Von WOLFGANG MRZIGLOD, 17.03.10, 18:47h
Wo kann angesichts eines Haushaltslochs von über 18 Millionen Euro allein in diesem Jahr gespart werden? An der Beantwortung dieser Frage sollten auch die Bürger beteiligt werden. Beim Aufstellen des Bürgerhaushaltes gab es nicht nur eine öffentliche Veranstaltung, die aber nur schwach besucht war, die Bürger konnten sich auch im Internet äußern.
243 Hürther registrierten sich, 235 begannen damit, einen Fragebogen auszufüllen. Doch nur 204 komplette Fragebögen konnten letztlich ausgewertet werden. Für Sonja Kreienfeld von der Firma Globalpark, die das Programm erstellt hatte, ein gutes Ergebnis. Rund 10 000 Euro kostete diese Aktion, die nicht einmalig bleiben soll.

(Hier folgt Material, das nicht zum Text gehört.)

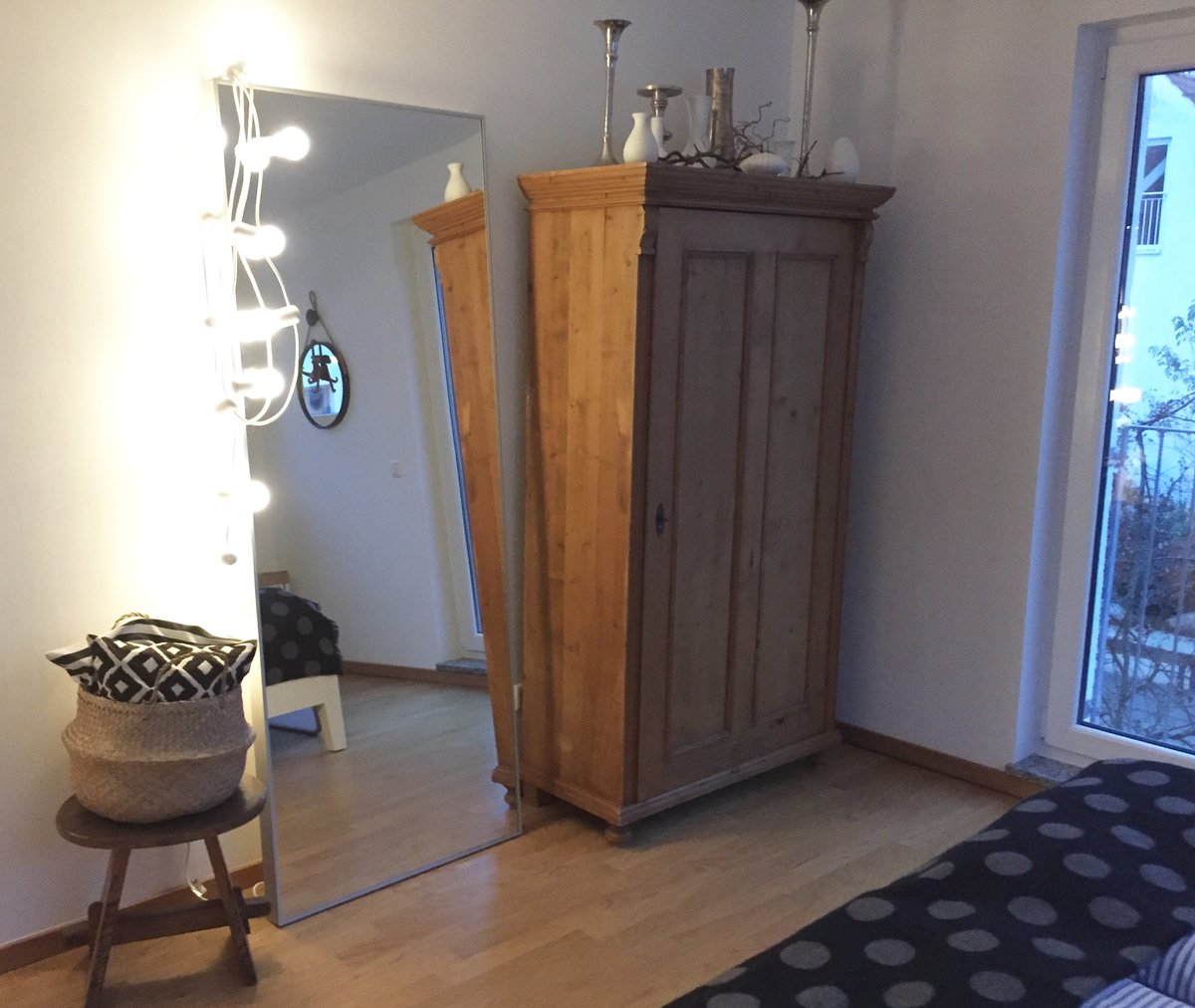 Alter Holzschrank, Lichterkette, Großer Spiegel, Holzhocker, Bloomingville Korb
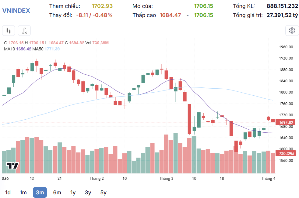 Thị trường mở cửa phiên sáng 2/4 trong trạng thái thận trọng với mức giảm nhẹ 4 điểm. Áp lực điều chỉnh hiện diện rõ rệt tại nhóm cổ phiếu vốn hóa lớn như MWG, MSN, HPG và một số mã ngân hàng. Trong bối cảnh đó, nhóm cổ phiếu họ Vingroup đóng vai trò là “công thần” giúp kìm hãm đà rơi của chỉ số chung. Diễn biến lình xình dưới tham chiếu kéo dài xuyên suốt phiên sáng khi tâm lý nhà đầu tư chịu tác động từ đà bán ròng của khối ngoại.
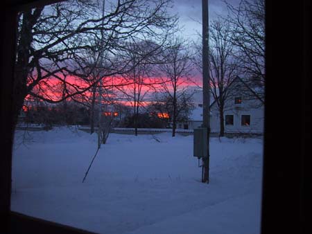 Het huisje bij zonsondergang. In het noorden kun je in de winter iedere dag urenlang genieten van de zonsondergang!

Keinesfalls gespart werden sollte nach Ansicht der Mehrheit der Bürger in den Bereichen Kinder-, Jugend- und Familienhilfe, Schulträgeraufgaben sowie Sicherheit und Ordnung. Den Rotstift ansetzen würden die Bürger dagegen bei den Gruppen Innere Verwaltung, Stadtentwicklung oder der Sportförderung - gerade Letzteres erstaunte Bürgermeister Walther Boecker.
Einsparungen beim Bürgerhaus, der Wirtschaftsförderung, im Stadtarchiv und der Kulturförderung wurden begrüßt. Auf Ablehnung stießen allerdings größere Sparmaßnahmen im Bereich Musikschule oder Volkshochschule. Die Auswertung, die nicht repräsentativ ist, bekamen auch die Ratsfraktionen für ihre Haushaltsberatungen.